The short-term ups and downs tend to obscure our vision of long-term bullish markets, often leading us to misinterpret the broader perspective.
If the current bullish market were to close today, it would rank as the fourth shortest since the postwar era, standing at the fourth position out of the thirteen previous bull markets in terms of total return since its inception (40.7%).
Looking back, the 2020 post-pandemic market claimed the title for the strongest gains (+94.5%), while the 1946 bull market lagged behind with the weakest performance, though still positive at +11%.
Comparing the trajectory of the current bull market against those that began in December 2022 vividly illustrates a contrasting market environment compared to a year ago.
Transition in Sector Dominance
In 2023, mega-cap growth stocks held sway in the bull market, propelled by the upward trend that surpassed the market’s average performance.
Notably, growth-oriented sectors displayed a robust bullish trend, contrasting with the subdued performance of value sectors and risk-off sectors.
This year, communication services have surged, cementing their status as a top performer. However, real estate continues to struggle while a clear leader among the middle sectors remains elusive.

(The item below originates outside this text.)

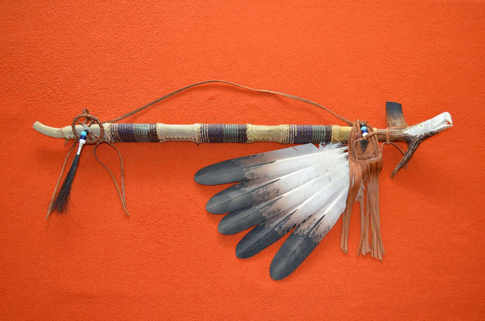 #символика Священная трубка североамериканских индейцев, живущих в верховьях Миссисипи; в Европе он чаще всего именуется «трубкой мира», и, например, в немецком языке выражение «раскурить вместе трубку мира» вошло в поговорку в качестве шутливого обозначения прекращения враждебных отношений уже в первой половине прошлого столетия, прежде всего благодаря книгам Купера и Карла Мая. В действительности же священная трубка была ритуальным и символическим предметом, а также условным знаком посланника, как в европейской античности кадуцей. Белые перья на ней означают мир, красные, наоборот, войну. Впрочем, вопреки обычному словоупотреблению, не всякая индейская курительная трубка может быть названа калюметом в собственном смысле. В своем первоначальном значении калюмет представлял собой парную, дуалистическую систему (небо - мужское начало противостоит земле - женскому началу), причем оба взаимопроникающих принципа могут менять свой смысл (например, у Омаха земля - мужское начало, небо - женс
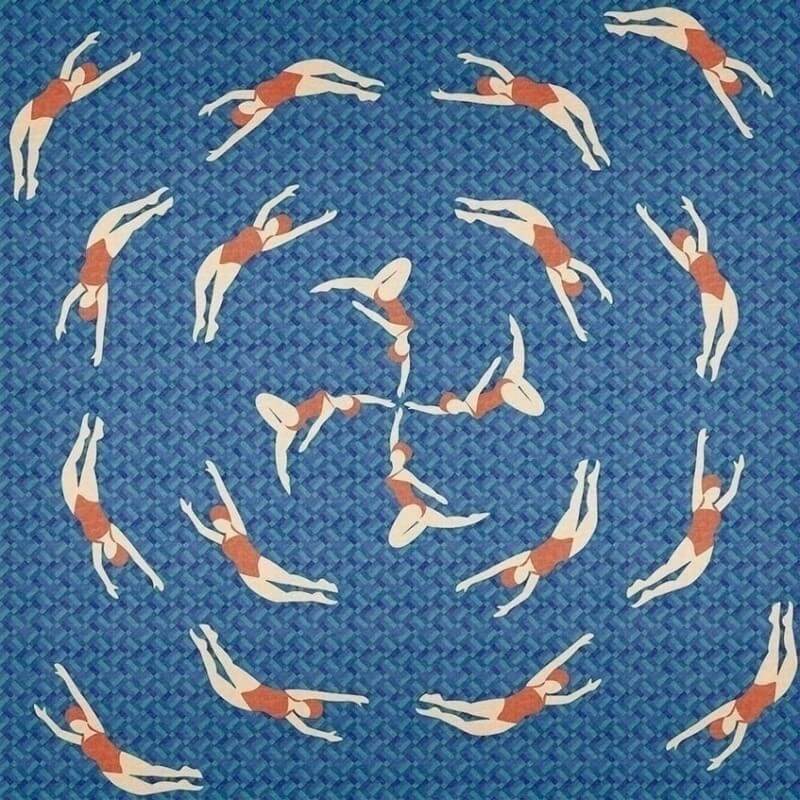 Let's Dance Swimmers di Coodonné è un elegante pannello di carta da parati. Presenta sagome di nuotatori che ballano sul fondo di una piscina, creando un cerchio elegante. È progettato in uno spirito pop.

The debate within the market hints at uncertainty about the sector that will ultimately reign supreme.
Robust Market Breadth Signals Confidence
The growth vs. value ratio has been steadily climbing since September 2020, attempting to breach the previous highs in 2021 and 2023.
Recently, a breakout occurred, followed by consolidation above a critical support level in 2024. Such consolidations typically indicate a continuation of the bullish long-term trend.
While growth stocks are poised to maintain their outperformance, a brief downturn might hint at a potential shift favoring value stocks.
Before definitively declaring a bearish turn, a weakening in market breadth is necessary. This would be apparent through a general market reversal, yet presently, 58% of S&P 500 stocks remain above their 200-day moving average.
Furthermore, the number of new lows currently lags behind the levels witnessed in 2023, suggesting we are still some distance away from a solid bear market indication.